The new system falls in the first category of systems described above. The approach is simple. We tag each reviewed item with its characteristics (e.g. Books might be tagged with 'epic fantasy', 'light read', 'capitalism' etc.). These tags are shared between items sharing similar characteristics. This is not too difficult since the scale is not very large and the tagging is done while creating the review itself. Some amount of discipline in creating and assigning tags suffices to maintain good item-to-tag relationships. Since an item can have arbitrarily man tags, it allows me to describe them in a fine grained way ("Modern George R. R. Martin style fantasy" instead of just "Fantasy"). All the new system has to do for a given item is to find other items that have the maximum number of tags in common with it. These are shown in the 'Similar Reviews' section.
The tags themselves can be seen at the end of each review as "Related Topics" and can be clicked to see all the items they apply to. This is further means of surfing niche corners of the website's content
To be fair, this isn't rocket science backed by vast amounts of data such as what an Amazon or a GoodReads might run.

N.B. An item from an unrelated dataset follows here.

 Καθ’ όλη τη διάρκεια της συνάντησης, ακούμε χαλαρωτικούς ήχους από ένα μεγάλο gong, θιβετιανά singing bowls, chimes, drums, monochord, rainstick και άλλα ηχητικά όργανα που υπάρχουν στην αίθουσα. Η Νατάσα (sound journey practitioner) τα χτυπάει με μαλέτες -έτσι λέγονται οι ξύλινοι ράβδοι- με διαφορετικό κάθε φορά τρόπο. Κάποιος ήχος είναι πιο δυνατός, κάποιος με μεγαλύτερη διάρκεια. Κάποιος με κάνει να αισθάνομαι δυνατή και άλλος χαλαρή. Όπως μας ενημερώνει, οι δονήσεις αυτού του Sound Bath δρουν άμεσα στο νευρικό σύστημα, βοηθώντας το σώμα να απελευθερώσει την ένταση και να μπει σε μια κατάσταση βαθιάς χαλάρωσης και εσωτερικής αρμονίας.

But even a lukewarm recommendation generator is better than none, and the difference in the results shown to the user is extremely striking. Content that was hitherto invisible (because nobody ever saw or read those reviews) now appears in many places. This gives the users a powerful new avenue to explore and discover content which didn't exists before. For Solomon Says, it means (hopefully) increased user retention and engagement.
As an example, check out the recommendations for "A Wizard of Earthsea". As of this writing, two belong to the same series(which is good), and others belong to four different fantasy series', all of which have something in common with "A Wizard of Earthsea" (which is fantastic). Some of these recommended reviews haven't received much traffic on the site. The new system increases their visibility in front of the visitors.

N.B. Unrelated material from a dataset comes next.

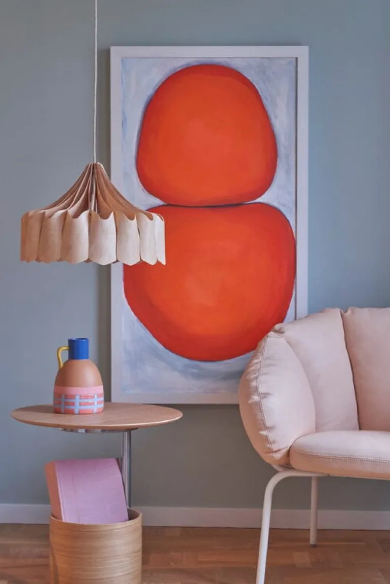 Pioni, som har formgivits av Janne Uusi-Autti, är tillverkad av lövtunn björkplywood som böjts till en vacker, organisk form. Pendellampan sprider ett milt, behagligt ljus runt omkring sig själv, och den passar bäst som stämningsbelysning i hem- eller restaurangmiljöer, för att nämna några exempel. Lampan tillverkas för hand i Finland.
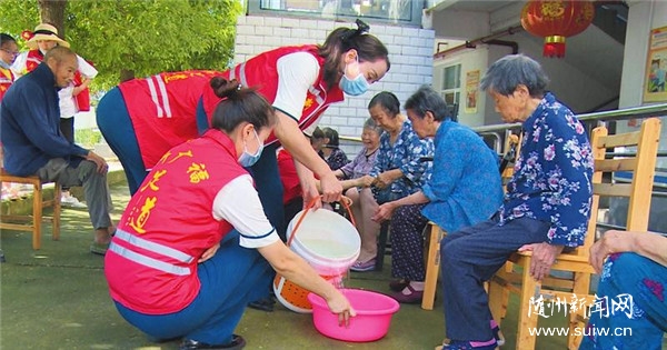 践行雷锋精神,传承敬老美德。7月22日,广水市新广福足道的志愿者到骆店镇福祥敬老院为50多位老人足疗修脚,为他们送去关爱与温暖。(随州日报通讯员张婷、夏菁、冯青摄)

Check out the new gizmo, dear reader, and drop me a line in the comments or here about what you think.
Hey Kislay,
ReplyDeleteYa tags are the most intuitive signal/feature to be used for recommendations. You might want to experiment with a couple of other features/signals in addition to tags to further fine tune the recommendations. In my opinion the following features can also be included with some weights :
1) Document similarity of two reviews. A naive way is to find the number of common words between two reviews. Similar books should have similar words.
2) A user who likes books from a single author might also like other books from the same author.

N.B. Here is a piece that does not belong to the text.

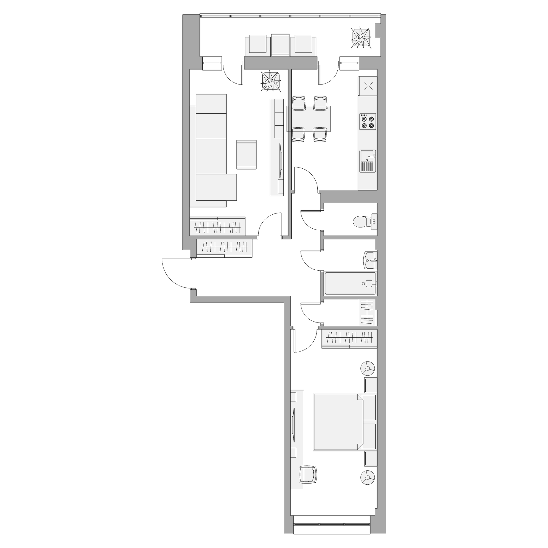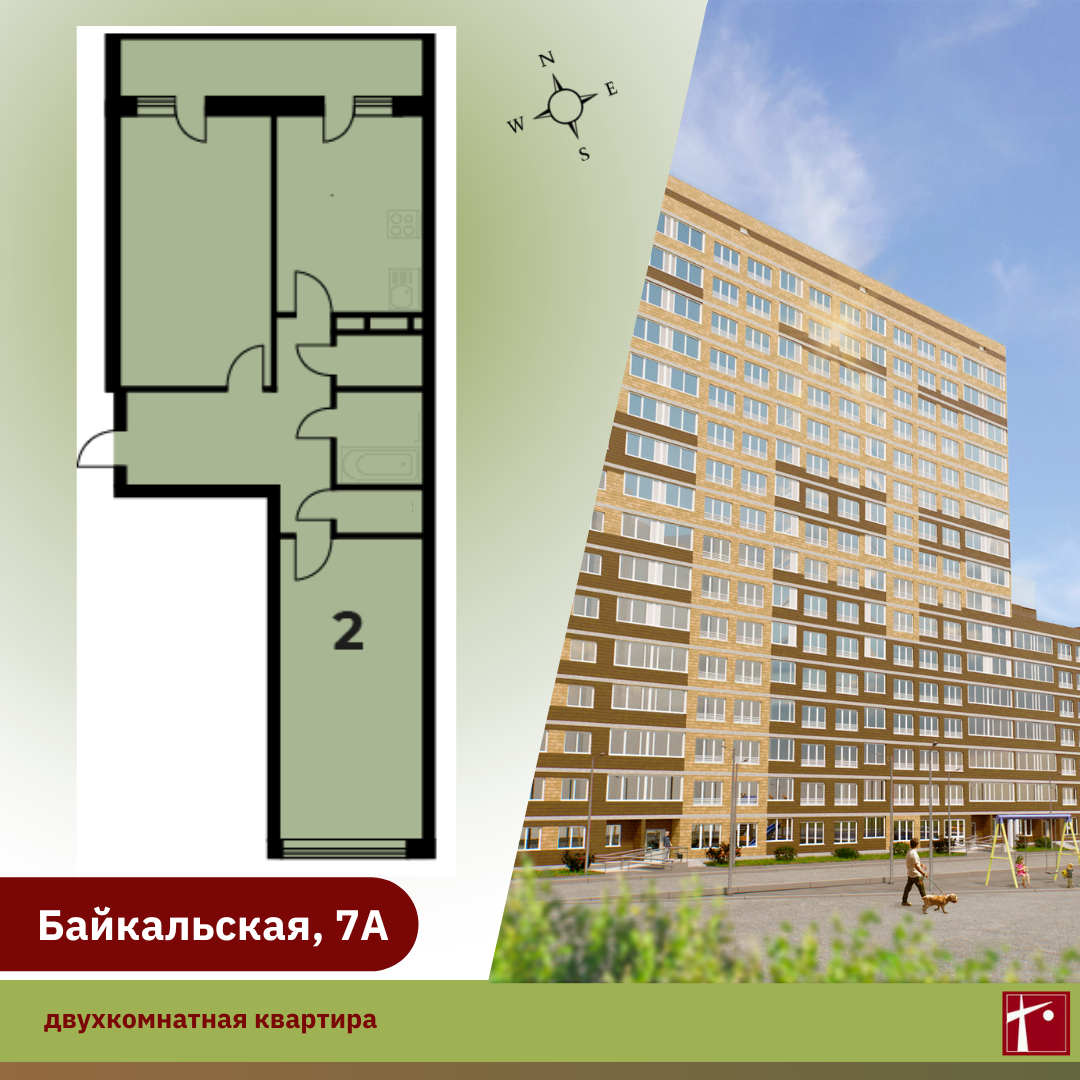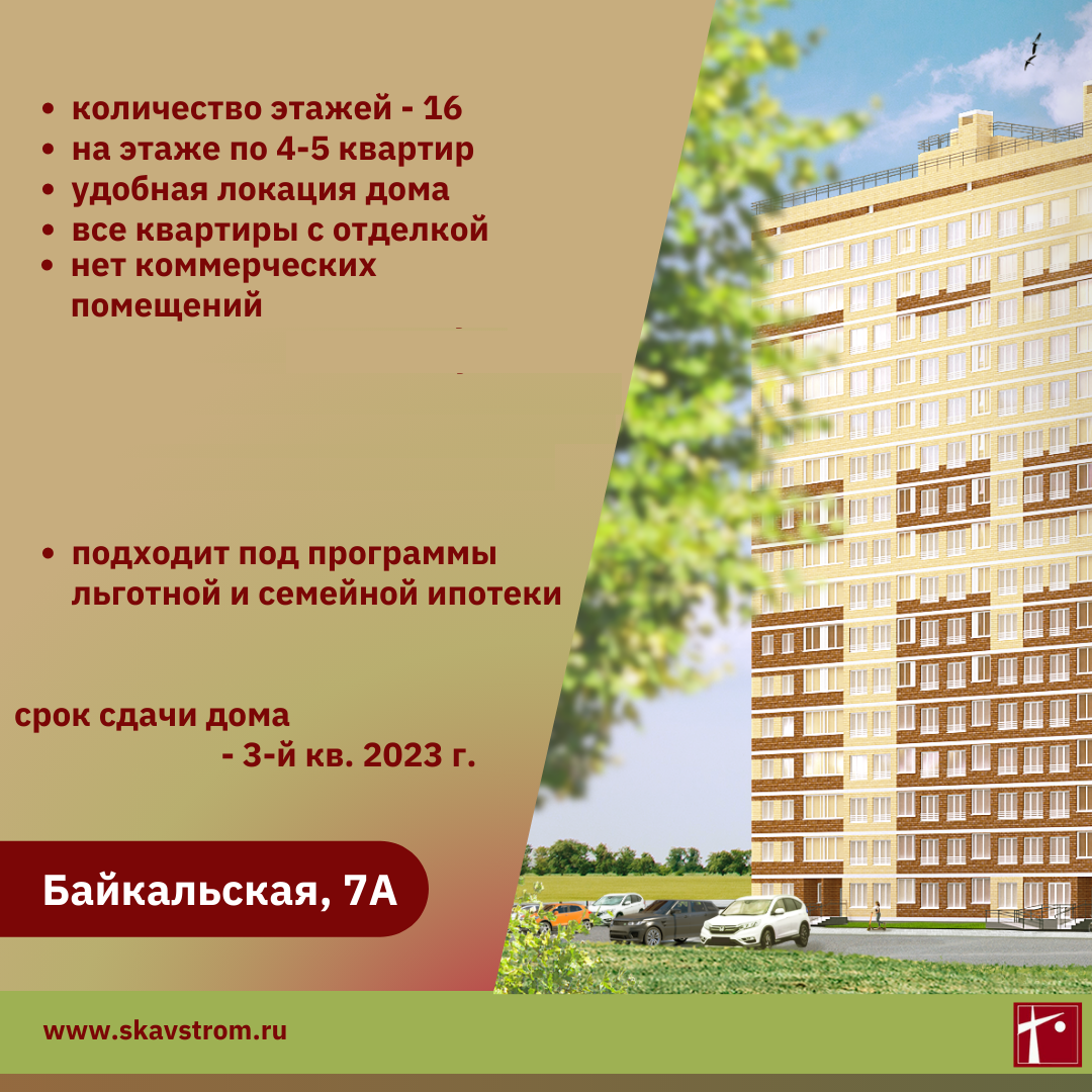 Квартиры на Байкальской, 7А с полной строительной отделкой: обои на стенах, линолеум на полу, натяжные потолки, сантехника установлена, приборы учета на ГВС, ХВС, электричество, отопление, входные двери – металлические, межкомнатные – ламинированные, на кухне – электроплиты, детские замки на окнах.

3) Keep a list of most popular books in your collection. This will be useful when you don't have enough data for a specific tag and you still want to make recommendations. This is called Cold Start problem (http://en.wikipedia.org/wiki/Recommender_system)
Thanks for the suggestions Shishir.
ReplyDelete1. I have been looking into nltk for running proper semantic correlation analysis between reviews to aid in the recommendations. But the damn thing is large and is taking a lot of time. I'd rather do that than simply count common words, but your suggestion might have some merit for v1.2. I'll try to play with it and see the results.
2. It's a good idea, but specific only to books (admittedly the majority of my content). But I think it's a better fit for a section like "Other books by this author" more than a recommendation stream.
3. This is already the default. Both the old and the new system show the most viewed reviews of the same category when they can't generate enough recommendations.